An interesting point to note, however, is the data security and privacy angle that the incumbents took to bolster their case to the Canadian public. As per the FairForCanada website (which is supported by the Big 3 Telecoms), they claim:
"Who do you want to own your private data? 

Across the country, Canadians use their wireless devices to make calls, send text messages and emails, and browse the internet every day. That information should be safe, secure, and private. 

Will American companies say no to requests from U.S. government agencies, for customers’ personal data? 

Canadian wireless providers have a solid track record of protecting your data in compliance with Canadian laws. But what will happen with regard to the data of Canadians in the hands of foreign-owned wireless carriers? What laws will regulate the protection of your information? This is not a trivial issue. It is one that should be of concern to all Canadians."

It seems that the advocacy group was riding the fear of Canadians that the US will have access to their data.

It seems they have done their research.

As noted in this ZDNet article, "Since being signed into law in 2001, the Patriot Act has been cited as a viable reason for Canadian companies, government departments and universities to avoid the cloud due to the close proximity to the United States". In other words, fear of US surveillance has led to low demand for US-based cloud services. Applying the same logic, the incumbents were playing on this same fear that Canadians would stick to them.

However, this is only part of the truth. The reality is that Canadian companies have had to comply with similar legislation that requires them to divulge data to Canadian law enforcement. As noted by the Office of the Privacy Commissioner of Canada:

" In the national security and anti-terrorism context, Canadian organizations are subject to similar types of orders to disclose personal information held in Canada to Canadian authorities. Despite the objections of the Office of the Privacy Commissioner, the Personal Information Protection and Electronic Documents Act has been amended since the events of September 11th, 2001, so as to permit organizations to collect and use personal information without consent for the purpose of disclosing this information to government institutions, if the information relates to national security, the defence of Canada or the conduct of international affairs."

This is on top of the recent CSEC scandal (where the secretive agency is alleged to have illegally spied on Canadians), but one could argue that such surveillance was actually illegal. Ultimately, I had hoped Verizon would have entered into the market, but only to push down the rates.
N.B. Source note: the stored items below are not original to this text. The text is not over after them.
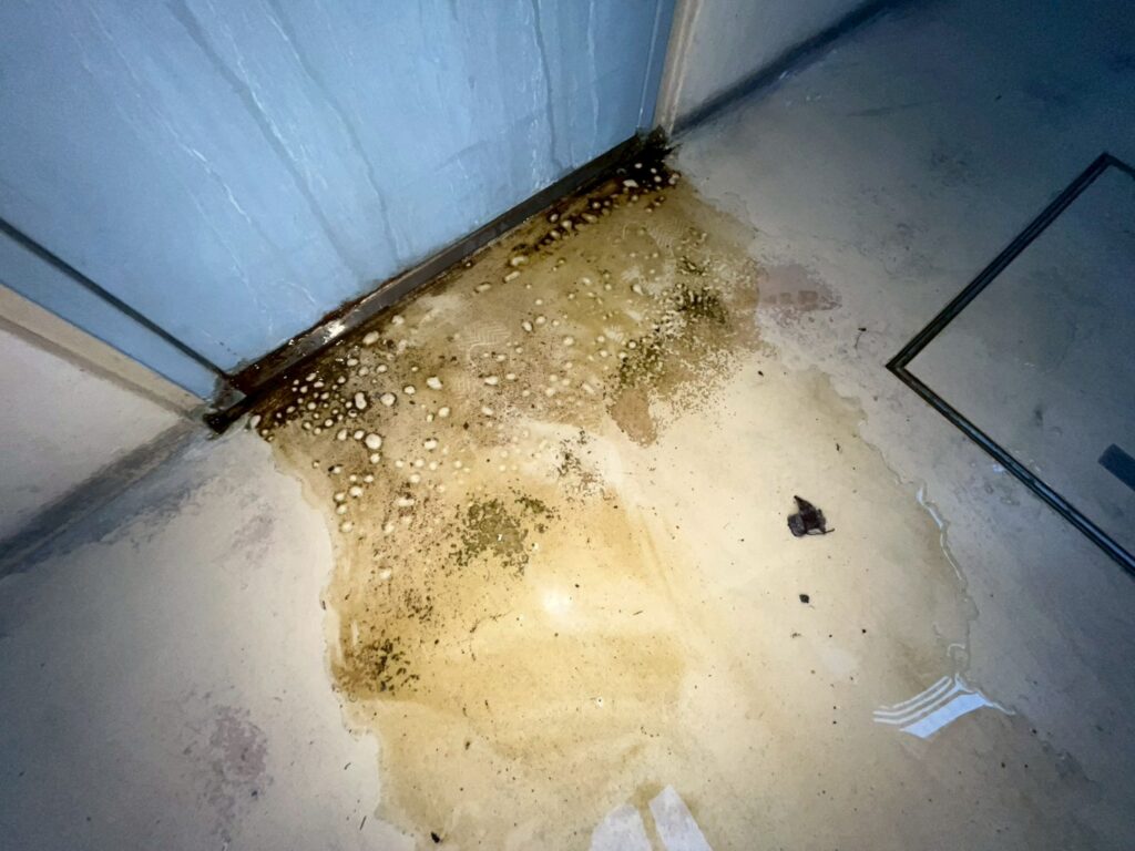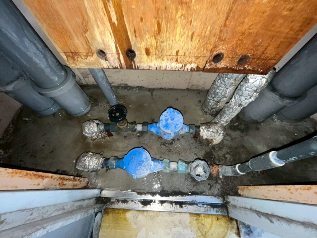 - 1階共用部パイプスペース内から漏水が発生し、廊下まで浸水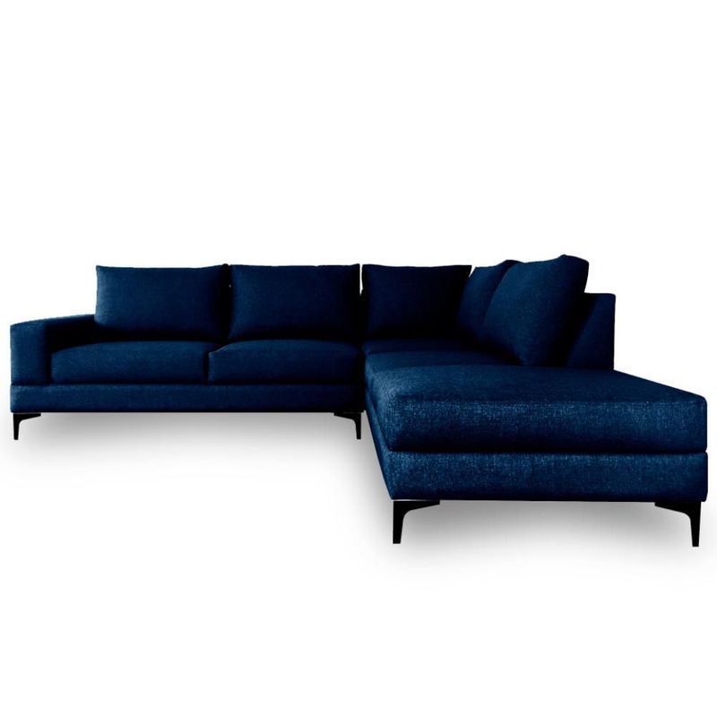 Sofá Escuadra Derecha con Tapizado Color Azul Noche. Estructura de Madera Sólida y Patas de Acero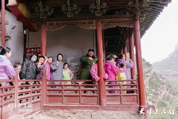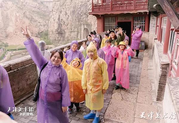 去悬空寺和应县木塔的那天遇上了雨,从车上下来的那一刻,风吹得站不住。在风雨的陪伴中,孩子们开始了向悬空寺的探险。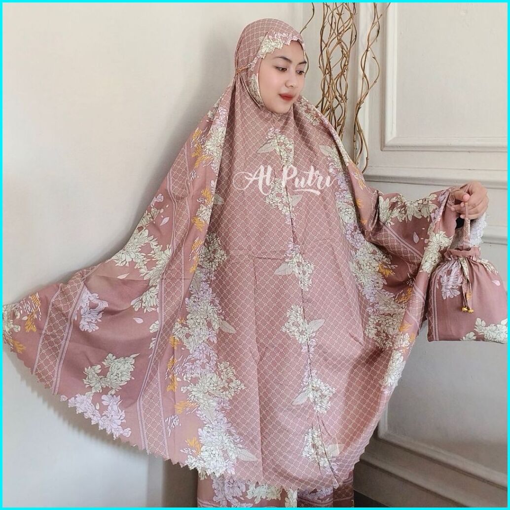 Al Putri Mukena Dewasa Travel Katun Premium Tas Mini Pouch Motif Mewah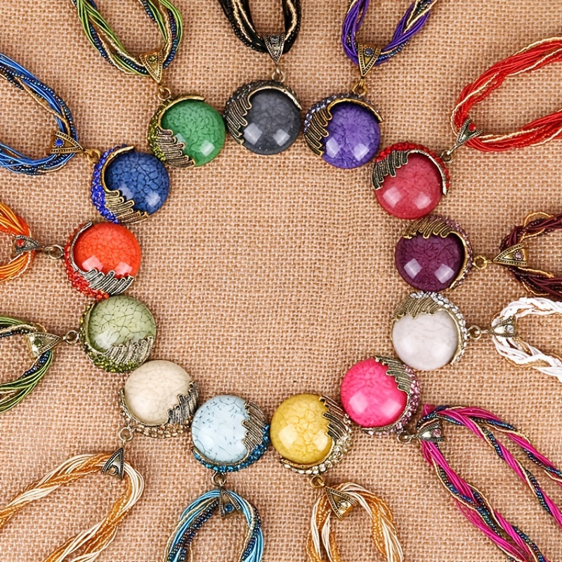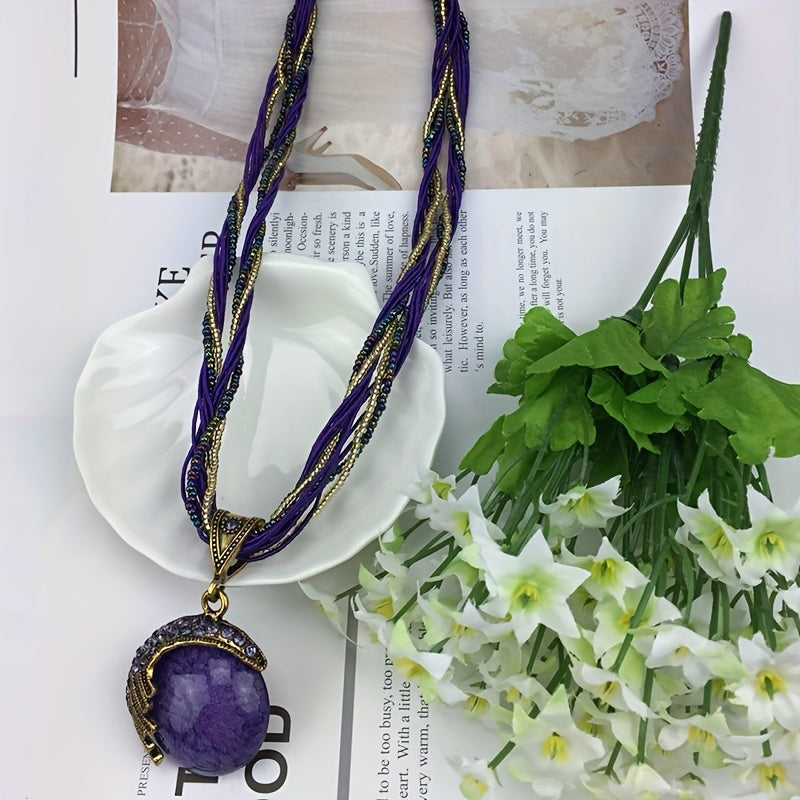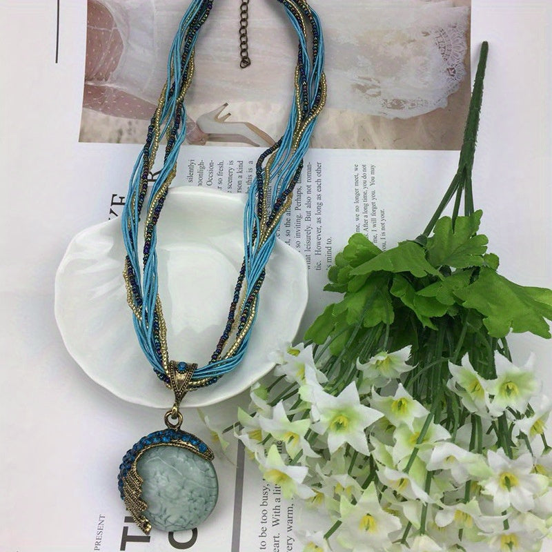 Retro ethnic style necklace with braided tiny beads rope design, perfect as a sweater chain accessory.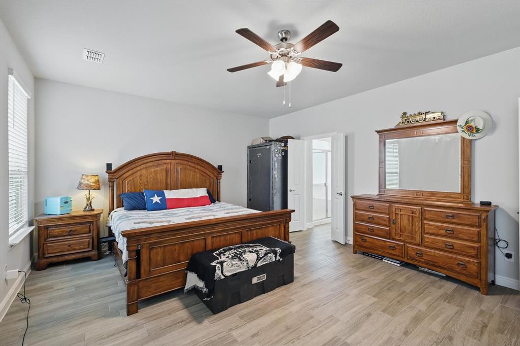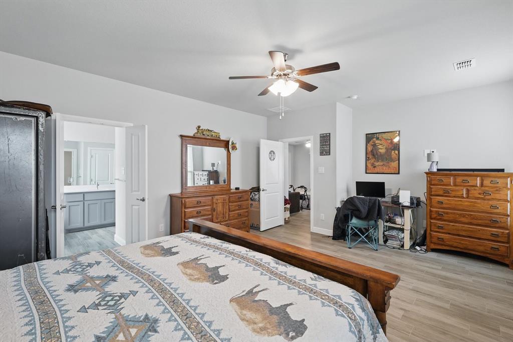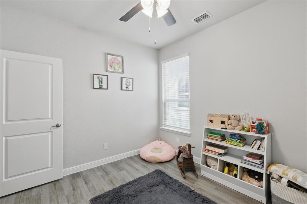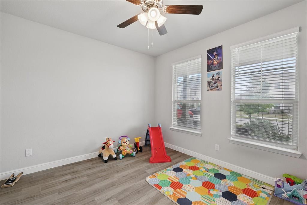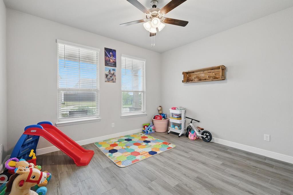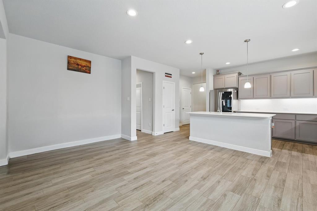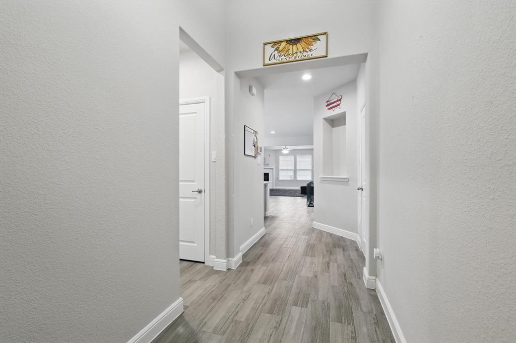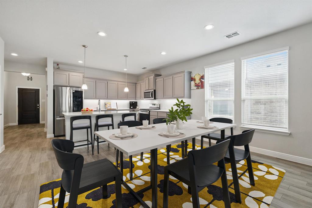 New roof installed in May 2025! 4 bedrooms and 3 full baths adorned with quartz countertops. Across the street from a darling pocket park with swings, a pavilion and green space for play in the highly regarded Community of the Year, Pecan Square! Relax on your charming South facing front porch. This airy and bright open concept floor plan is free from carpet with gorgeous wood-look tile throughout the entire home. Tankless hot water, gas log fireplace, front and back covered porches, ample closet and cabinet space, walk-in pantry and gas cooktop with exterior ventilation. Extended primary suite, huge walk-in closet and dual sinks, separate shower and tub in en-suite. The HOA dues include high-speed internet, and access to all of the resort-style amenities; 3 pools, dog parks, playgrounds, walking trails, pickleball courts, pizza oven, fire-pit, game-room, gym, and on-site elementary school, with a middle school on the way off of Mulkey! There are plenty of neighbor-run niche groups to help get you plugged in and settled if that is your vibe! Tom Thumb coming Spring of 2026, and nearby shops, restaurants and food trucks will have you feeling right at home. Catch the sunset from Elm Tower or Horizon Ln. You will LOVE living here!!

I would have ended sticking with the Canadian mobile carriers because the data is one way or another in one jurisdiction.

However, all is not lost in terms of lower rates in the cell phone market.

It seems the government is hoping to entice voters by tackling a problem, which does impact the productivity of Canadians (see this post which compares Canadian mobile access to access in India/China). For example, the CRTC has mandated a number of changes to the cell phone contracts that the wireless industry can legally offer, such as restricting the minimum contract length to two years.

But from a data privacy perspective, it seems the only way to get privacy these days is to live a technology-free lifestyle of yesteryear!